Der Kabinettsausschuss für Sicherheit unter dem Vorsitz von Premierminister Narendra Modi hat den "wegweisenden Kauf" am Mittwoch genehmigt, so die Times of India. Der Schritt erfolgte noch vor dem Besuch des russischen Präsidenten Wladimir Putin Anfang nächsten Monats.

Die indische Luftwaffe, die auch mit der Luftabwehr des Landes beauftragt ist, wird voraussichtlich innerhalb von 24 Monaten nach Vertragsunterzeichnung die erste S-400-Batterie erhalten. Der Rest wird innerhalb der nächsten vier bis fünf Jahre geliefert.

Indien wird 15 Prozent der Gesamtkosten übernehmen müssen, während der Rest der Zahlung laut Bericht mit der Lieferung der Systeme verbunden ist. Die indische Regierung selbst hat jedoch ihre Bereitschaft, den Deal zu unterschreiben, bisher noch nicht bestätigt.

Das S-400, das auch unter dem Namen Triumf bekannt ist, ist das modernste russische Luftabwehrsystem auf dem Markt. Dieses ist in der Lage, ballistische Raketen aus einer Entfernung von 60 Kilometern (37 Meilen) abzufangen. Das System kann mindestens vier Arten von Flugabwehrraketen einsetzen, die für verschiedene Ziele geeignet sind. Eine S-400-Einheit, die aus mehreren Träger-, Führungs- und Logistikfahrzeugen besteht, kann bis zu 300 luftgestützte Ziele in einer Reichweite von 600 Kilometern (373 Meilen) verfolgen und bis zu 36 von ihnen gleichzeitig angreifen.
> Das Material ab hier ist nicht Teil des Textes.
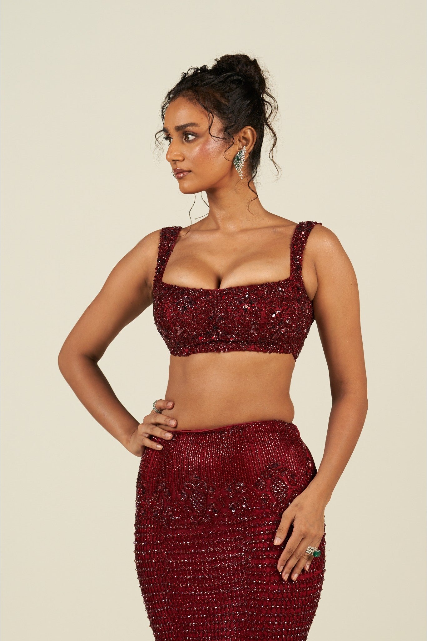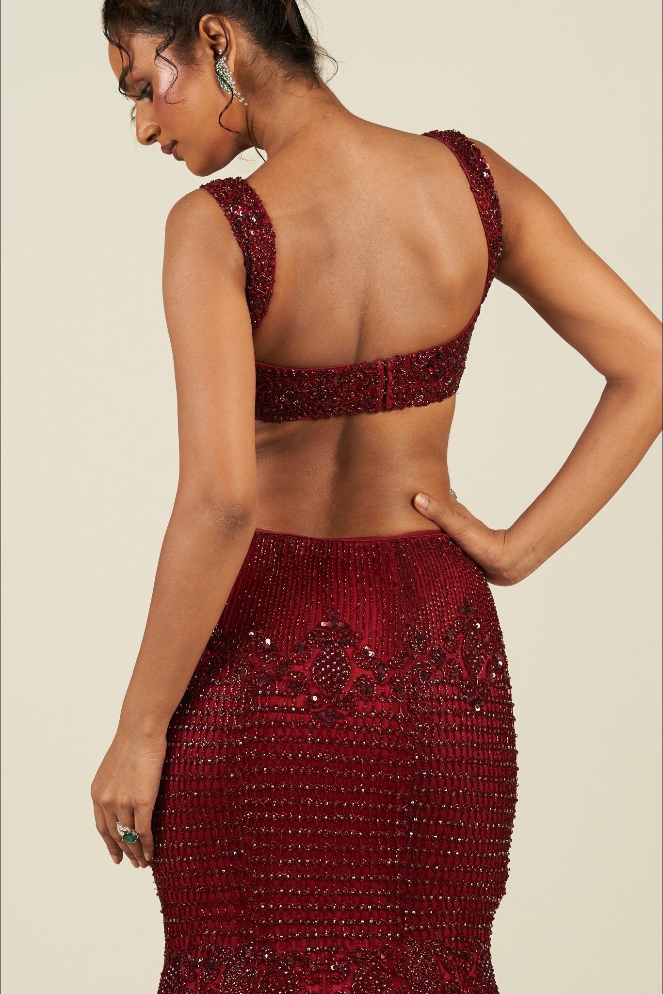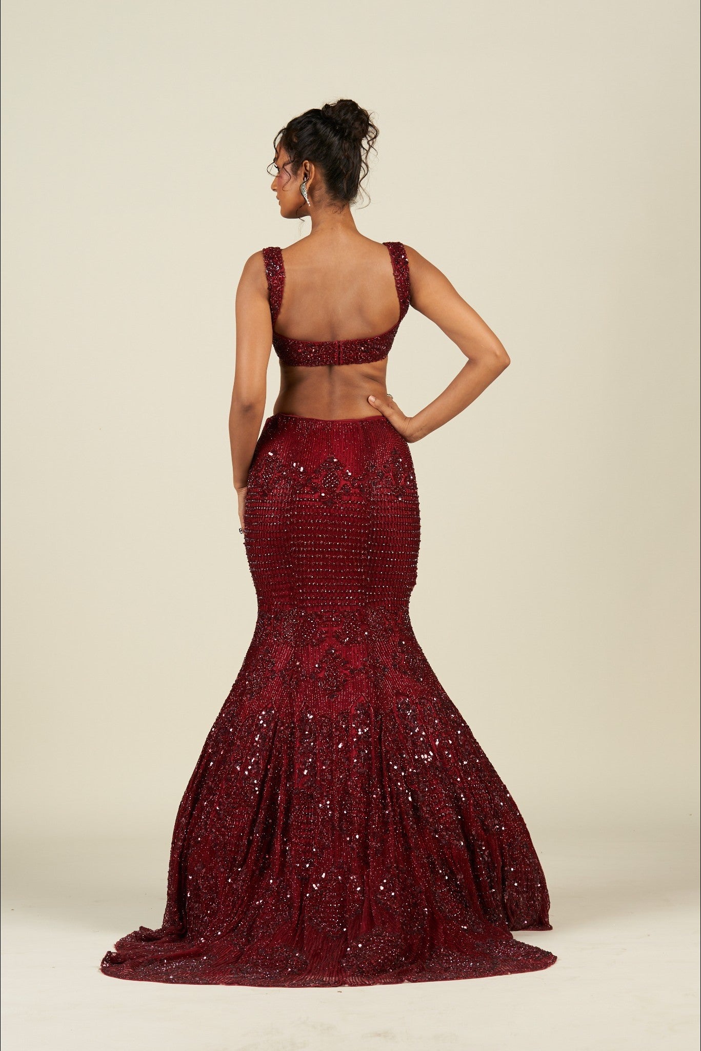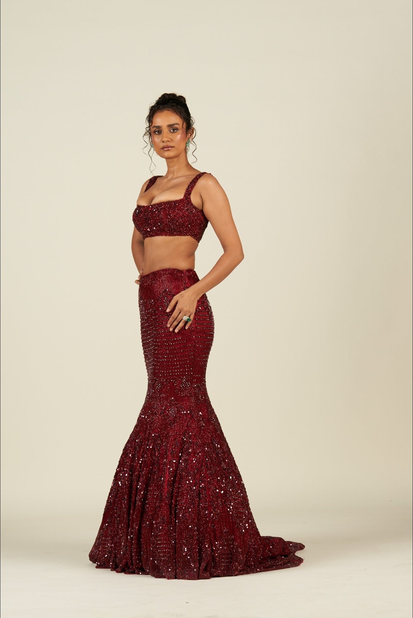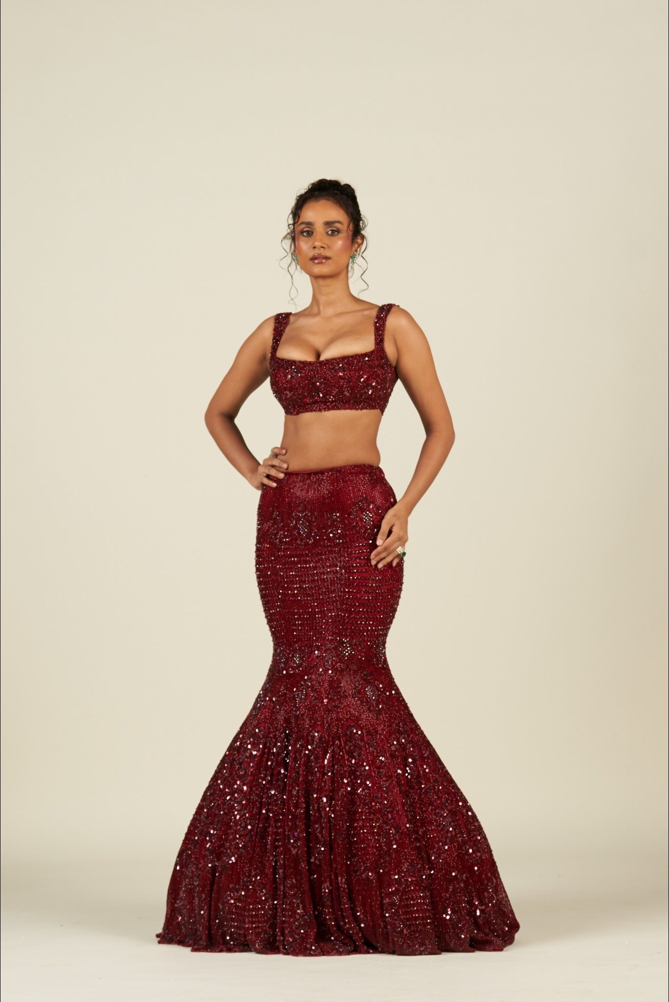 Featuring a red fish cut lehenga, meticulously hand-embroidered on tulle fabric with cutdana ,crystal and sequin detailing.

Indien schiebt bislang die Drohungen der USA, finanzielle Sanktionen zu verhängen, beiseite. Die Sanktionen könnten im Rahmen des sogenannten Countering America's Adversaries Through Sanctions Act (CAATSA) umgesetzt werden, der Länder bestraft, die es wagen, russische Waffen zu erwerben.

Der russische Präsident Wladimir Putin und der Präsident der Volksrepublik China Xi Jinping besuchen am Rande des Östlichen Wirtschaftsforums den Jahrmarkt

Vergangene Woche haben die USA China mit Sanktionen beim Kauf der S-400-Systeme und Sukhoi-Su-35-Kampfjets bestraft. Während die USA darauf bestanden, dass Moskau das "ultimative Ziel" der Beschränkungen wäre, löste der Schritt eine wütende Reaktion Pekings aus, das die Sanktionen als eklatante "Manifestation der Hegemonie" bezeichnete.

"Wir fordern die USA nachdrücklich auf, den Fehler zu beheben und die Sanktionen aufzuheben. Andernfalls müssen die USA die Konsequenzen tragen", schlug das chinesische Außenministerium zurück.

China scheint das erste Land zu sein, dem die CAATSA-Behandlung aus den USA wegen der S-400 zuteil wird. Aber das hochmoderne Raketensystem hat Washington auch bereits in einen Konflikt mit seinem NATO-Verbündeten Türkei getrieben. Trotz wiederholter Drohungen aus Washington zog es Ankara vor, einen Vertrag mit Russland abzuschließen. Der Kauf löste in den USA eine wütende Reaktion aus, so dass sogar die Lieferung von in den USA hergestellten F-35-Lightning-II-Kampfflugzeugen an die Türkei in diesem Sommer wegen des S-400-Deals eingefroren wurde. Ankara wurden dennoch bisher nicht die CAATSA-Sanktionen auferlegt.